- **TASK STATEMENT**:
Skipping all pictures, print exactly the lines below from the one with "POSMETRO MEDAN –" through the final line.

- **RECORDED INFORMATION**:

....

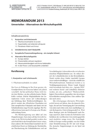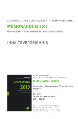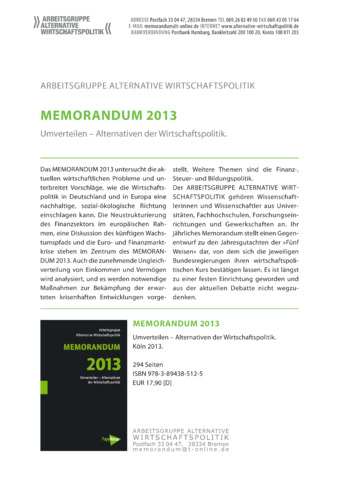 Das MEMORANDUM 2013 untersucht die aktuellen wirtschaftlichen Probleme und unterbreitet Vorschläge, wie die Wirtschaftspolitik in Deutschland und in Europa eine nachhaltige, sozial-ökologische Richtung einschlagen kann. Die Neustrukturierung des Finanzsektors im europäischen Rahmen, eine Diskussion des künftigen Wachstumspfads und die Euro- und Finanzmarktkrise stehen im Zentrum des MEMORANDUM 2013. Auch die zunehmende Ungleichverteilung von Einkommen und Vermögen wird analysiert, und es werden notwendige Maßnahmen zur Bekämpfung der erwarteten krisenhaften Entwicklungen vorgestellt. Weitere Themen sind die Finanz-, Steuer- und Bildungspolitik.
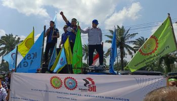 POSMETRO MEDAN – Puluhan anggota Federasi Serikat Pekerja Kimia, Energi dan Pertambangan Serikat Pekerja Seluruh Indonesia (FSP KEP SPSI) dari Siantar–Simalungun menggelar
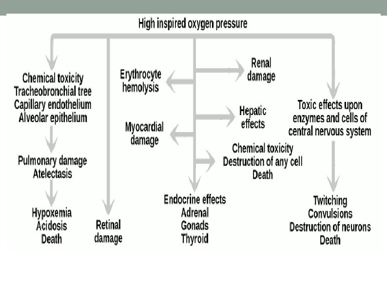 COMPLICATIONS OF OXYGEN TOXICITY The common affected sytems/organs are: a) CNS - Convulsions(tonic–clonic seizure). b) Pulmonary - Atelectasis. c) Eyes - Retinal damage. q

....

- **ANSWER BOX**:
 POSMETRO MEDAN – Puluhan anggota Federasi Serikat Pekerja Kimia, Energi dan Pertambangan Serikat Pekerja Seluruh Indonesia (FSP KEP SPSI) dari Siantar–Simalungun menggelar
 COMPLICATIONS OF OXYGEN TOXICITY The common affected sytems/organs are: a) CNS - Convulsions(tonic–clonic seizure). b) Pulmonary - Atelectasis. c) Eyes - Retinal damage. q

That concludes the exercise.